# Sitting in the Rain?



## TehLizardKing (Sep 15, 2012)

Hey guys! So I have lots of birds, a huge aviary, lots of poultry, and etc, but sadly no pigeons. I have always wanted some but my parents are not hugely into adding a whole new setup for a new animal since they'll have to look after them all when I go off to uni in a couple of years. Anyway, every year the homers pass over and they land on the deck for a drink, and from watching them I have just fallen in love with pigeons. Yesterday a homer landed on the scaffolding of the house we are building, he seemed to want to stay.

Phoned up his owner with the ring number and he said that he was thankful to know the bird was okay, if we didn't want it he would come by take it back but I think he heard the tone in my voice... And he said that it is an old bird so if the bird wanted to stay and we didn't mind, we could keep it. Needless to say I was ecstatic at the prospect, so I took him up a bowl of water and some corn and he scoffed it right out of my hand... When he had had enough I left him alone, and he slept there on the scaffolding over the night. This morning I got up with the light so I was up to tell the builders about him so they didn't scare him off, and he wasn't there. I was a little disappointed and decided to check the rest of the garden (3 acres) and lo and behold found him sitting on the neighbours' roof. He wouldn't come down for food all day, but changed perches a few times, sitting on the house, then our cabin, then his roost on the scaffolding again, and did a few laps of the grounds... But all in all looking very content and calm. I took up some food to his favourite roost again and he definitely had enough to eat and drink, and I'm hoping maybe he'll stick around now.

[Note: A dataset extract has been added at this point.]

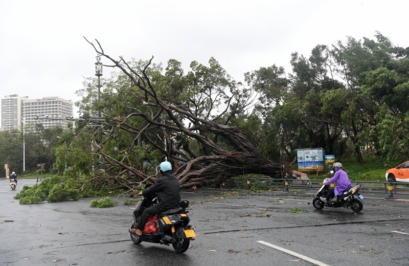 8月25日,在海南省三亞市吉陽(yáng)區(qū),市民從倒伏的樹(shù)木前經(jīng)過(guò)。
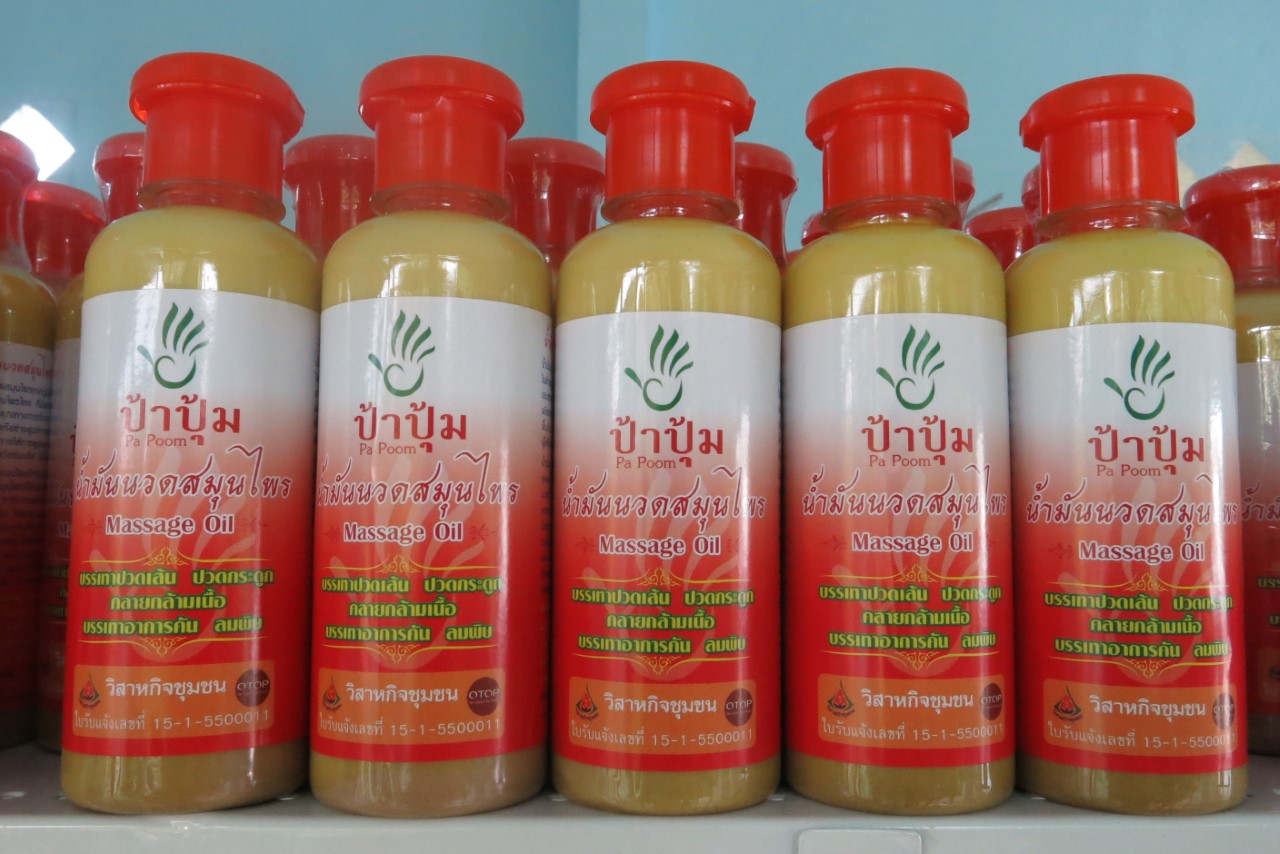 "การที่เรานวดใครสักคนให้ได้ผลดีมากกว่าการบีบนวดธรรมดา เราคิดว่าจะต้องมียาเข้ามามีส่วนด้วย ป้าปุ้มจึงได้ไปเรียนรู้เรื่องสมุนไพรกับน้องสามีที่จังหวัดนครศรีธรรมราช ยาแก้อัมพฤต อัมพาต รวมทั้งเข้าร่วมกับสถาบันและหน่วยงานต่างๆ เพื่อพัฒนาองค์ความรู้เกี่ยวกับสมุนไพร เพื่อมาใช้พัฒนาผลิตภัณฑ์และบริการ" ป้าปุ้ม เล่าที่มา ก่อนคิดค้นสูตรน้ำมันนวดสมุนไพร “ป้าปุ้ม” ที่ปัจจุบันมียอดขายไม่ต่ำกว่า 2 พันขวดต่อเดือน และกำลังขยายต่อยอดไปสู่ผลิตภัณฑ์ใหม่ๆ อย่างต่อเนื่อง

My problem is that the spot he's chosen is right out in the open. He has shelter from the wind from all sides, but not the rain at all, and he got soaking wet in a downpour that we had earlier. He just sat there and took it. I was thinking of catching him and moving him into a stable, but I figure if he wants to stay (and it is his choice), he'll find a proper place to roost in good time, plus I didn't want to disturb him/scare him off/lose his trust. Will he be okay in the wet? It's not very cold at the moment but I want him to be comfortable. Is there anything I can do to help him? Make a four sided wooden box for him to shelter in maybe? I'm on study leave atm so I have a few of hours to spare tomorrow. Idk, I don't know much about pigeon keeping so I would love some advice on how to give this guy a lovely new home. If he stays the family have agreed we shall get him some friends but that's a whole new ballgame and if so I'll be buying a dovecote and all that anyway probably and I don't want to do all that if he's just going to stick around a few days for a pit stop and then go back home. Thanks guys!


----------



## Skyeking (Jan 17, 2003)

*Thank you for your concern over this lost bird, and for calling the owner and letting him know.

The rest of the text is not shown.